Script to download a Directory over http

  • January 31, 2018
  • 3 replies
  • 10 views

Forum|alt.badge.img+8

I have a remote https directly hosting pkg files, https://www.fileshere.com/.

I need to be able to download all the files in the directory. I have gone through many options in testing and can not find something that will work. Using something native to macOS is a requirement. I have tried curl but that only seems to work with single files and not a directly.

If there is same way to get a list of the files in the location and then send that to the curl would be nice but I have not been able to figure that out either.

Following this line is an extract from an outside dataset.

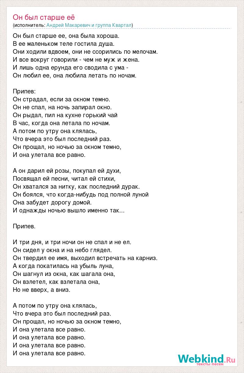 Он был старше ее, она была хороша. В ее маленьком теле гостила душа. Они ходили вдвоем, они не ссорились по мелочам. И все вокруг говорили - чем не муж и жена. И лишь одна ерунда его сводила с ума - Он любил ее, она любила летать по ночам. Припев: Он страдал, если за окном темно. Он не спал, на ночь запирал окно. Он рыдал, пил на кухне горький чай В час, когда она летала по ночам. А потом по утру она клялась, Что вчера это был последний раз. Он прощал, но ночью за окном темно, И она улетала все равно. А он дарил ей розы, покупал ей духи, Посвящал ей песни, читал ей стихи, Он хватался за нитку, как последний дурак. Он боялся, что когда-нибудь под полной луной Она забудет дорогу домой. И однажды ночью вышло именно так... Припев. И три дня, и три ночи он не спал и не ел. Он сидел у окна и на небо глядел. Он твердил ее имя, выходил встречать на карниз. А когда покатилась на убыль луна, Он шагнул из окна, как шагала она, Он взлетел, как взлетала она, Но не вверх, а вниз. А потом по утру она клялась, Что вчера это был последний раз. Он прощал, но ночью за окном темно, И она улетала все равно. И она улетала все равно. И она улетала все равно. И она улетала все равно.

Any help you may have would be great.

3 replies

iJake
Forum|alt.badge.img+23
  • Contributor
  • January 31, 2018

The problem is that cURL does not recursively download files as wget can but wget is not installed by default. Your best bet would be to parse the HTML for the links to loop over them for cURL to download.


Forum|alt.badge.img+9
  • Valued Contributor
  • February 1, 2018

Curl can't do it naively, but you can achieve it with a bit of scripting:

for file in $(curl -s http://www.domain.com/path/to/files/ |
                  grep href |
                  sed 's/.*href="//' |
                  sed 's/".*//' |
                  grep '^[a-zA-Z].*'); do
    curl -s -O http://www.domain.com/path/to/files/$file
done

The success of this will depend on whether or not the host supports directory listings/indexes.


Forum|alt.badge.img+4
  • Contributor
  • February 1, 2018

Seconding iJake, Python can do this using urllib2 (which is native).
If you give us an example of the page's HTML, I can give you an example scraping script.